National Park located in Yukon, Canada

Ivvavik National Park (/'iːvəvɪk/ EE-və-vik) is a national park of Canada located in the Yukon. Initially named "Northern Yukon National Park", the park was renamed Ivvavik in 1992 for the Inuvialuktun word meaning "nursery" or "birthplace", in reference to the importance of the area as a calving ground for Porcupine caribou. Created as a result of the Inuvialuit Final Agreement in 1984, negotiated between the Canadian Government and the Inuvialuit of the Northern Yukon, Ivvavik is the first national park in Canada to be established as a result of an aboriginal land claims agreement. About 100 people visit the park each year.

== Geography and climate ==
Ivvavik contains the British Mountains which run east to west, parallel to the Arctic coast, and merge into the Brooks Range in Alaska.
Draining north through the Park from the British Mountains is the Firth River, the oldest river in Canada and considered one of the great rafting rivers of the world. The river starts from year-round aufeis formations at the headwaters and then flows through extensive canyon areas before forming a huge delta as it enters the Beaufort Sea just west of Herschel Island.

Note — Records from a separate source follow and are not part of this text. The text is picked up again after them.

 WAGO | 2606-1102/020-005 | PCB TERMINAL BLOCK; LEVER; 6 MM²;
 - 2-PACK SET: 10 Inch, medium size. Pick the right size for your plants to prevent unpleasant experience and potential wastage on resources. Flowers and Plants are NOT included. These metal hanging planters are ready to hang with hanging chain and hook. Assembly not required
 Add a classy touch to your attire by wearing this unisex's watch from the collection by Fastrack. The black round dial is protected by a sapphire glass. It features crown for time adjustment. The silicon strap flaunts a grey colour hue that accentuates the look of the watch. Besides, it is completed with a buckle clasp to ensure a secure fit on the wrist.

The first raft descent was by Martyn Williams, Alan Dennis and Jim Boyde.
Gold miners have operated on the Firth River and at Sheep Creek until the area became a National Park.

To its the south, Ivvavik National Park borders Vuntut National Park, established in 1995 as part of the Vuntut Gwitchin First Nation Final Agreement.

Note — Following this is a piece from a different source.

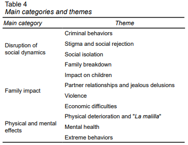 The interpretation of results was based on Husserl’s phenomenological perspective, which seeks to understand lived experiences from the point of view of participants. Interview testimonials revealed diverse perspectives on the consequences of crystal meth use in the lives of users and their relationships. The results presented here derive from the IPA conducted following the steps outlined by Smith et al. (2009), ensuring rigorous interpretation of participants’ narratives. The analysis was organized into three main categories: disruption of social dynamics, family impact, and physical and mental health effects. Table 4 shows the main categories and themes.

Climate data for Ivvavik National Park Climate ID: 2100660; coordinates 69°09′52″N 140°09′00″W﻿ / ﻿69.16444°N 140.15000°W; elevation: 243.8 m (800 ft); WMO ID: 71978; 1991–2020 normals, extremes 1995–present
| Month | Jan | Feb | Mar | Apr | May | Jun | Jul | Aug | Sep | Oct | Nov | Dec | Year |
| Record high humidex | 6.4 | 0.9 | 4.2 | 13.0 | 27.4 | 30.8 | 33.2 | 31.4 | 22.0 | 14.4 | 2.9 | 1.9 | 33.2 |
| Record high °C (°F) | 6.5 (43.7) | 1.5 (34.7) | 5.4 (41.7) | 13.2 (55.8) | 27.9 (82.2) | 30.1 (86.2) | 31.5 (88.7) | 30.4 (86.7) | 22.4 (72.3) | 14.7 (58.5) | 3.7 (38.7) | 2.3 (36.1) | 31.5 (88.7) |
| Mean daily maximum °C (°F) | −19.9 (−3.8) | −18.8 (−1.8) | −16.4 (2.5) | −5.0 (23.0) | 6.7 (44.1) | 16.6 (61.9) | 18.4 (65.1) | 14.0 (57.2) | 7.3 (45.1) | −5.2 (22.6) | −14.8 (5.4) | −18.8 (−1.8) | −3.0 (26.6) |
| Daily mean °C (°F) | −24.1 (−11.4) | −23.2 (−9.8) | −21.8 (−7.2) | −11.0 (12.2) | 1.0 (33.8) | 10.2 (50.4) | 12.6 (54.7) | 8.9 (48.0) | 2.8 (37.0) | −9.2 (15.4) | −18.8 (−1.8) | −22.9 (−9.2) | −8.0 (17.6) |
| Mean daily minimum °C (°F) | −28.3 (−18.9) | −27.6 (−17.7) | −27.1 (−16.8) | −17.0 (1.4) | −4.6 (23.7) | 3.7 (38.7) | 6.7 (44.1) | 3.6 (38.5) | −1.8 (28.8) | −13.2 (8.2) | −22.8 (−9.0) | −27.1 (−16.8) | −12.9 (8.8) |
| Record low °C (°F) | −45.0 (−49.0) | −43.7 (−46.7) | −44.0 (−47.2) | −36.4 (−33.5) | −23.7 (−10.7) | −8.5 (16.7) | −2.7 (27.1) | −8.4 (16.9) | −18.5 (−1.3) | −36.3 (−33.3) | −38.2 (−36.8) | −43.7 (−46.7) | −45.0 (−49.0) |
| Record low wind chill | −56.5 | −54.5 | −55.7 | −44.2 | −30.8 | −12.6 | −7.1 | −11.6 | −21.9 | −46.8 | −49.5 | −56.8 | −56.8 |
| Average precipitation mm (inches) | — | — | — | 22.4 (0.88) | 3.7 (0.15) | 19.1 (0.75) | 41.9 (1.65) | 40.3 (1.59) | 28.7 (1.13) | — | — | — | — |
| Average precipitation days (≥ 0.2 mm) | — | — | — | 26.0 | 2.7 | 6.0 | 12.0 | 14.8 | 13.7 | — | — | — | — |
| Average relative humidity (%) (at 1500 LST) | 67.8 | 66.2 | 57.5 | 56.6 | 55.5 | 52.0 | 59.1 | 62.6 | 63.9 | 73.5 | 73.1 | 71.0 | 63.2 |
Source: Environment and Climate Change Canada

== Ecology ==
The park contains many cultural sites of continuing importance to the local indigenous people.
Protecting a portion of the calving grounds of the caribou herd, the park allows only a minimal number of people to visit per year.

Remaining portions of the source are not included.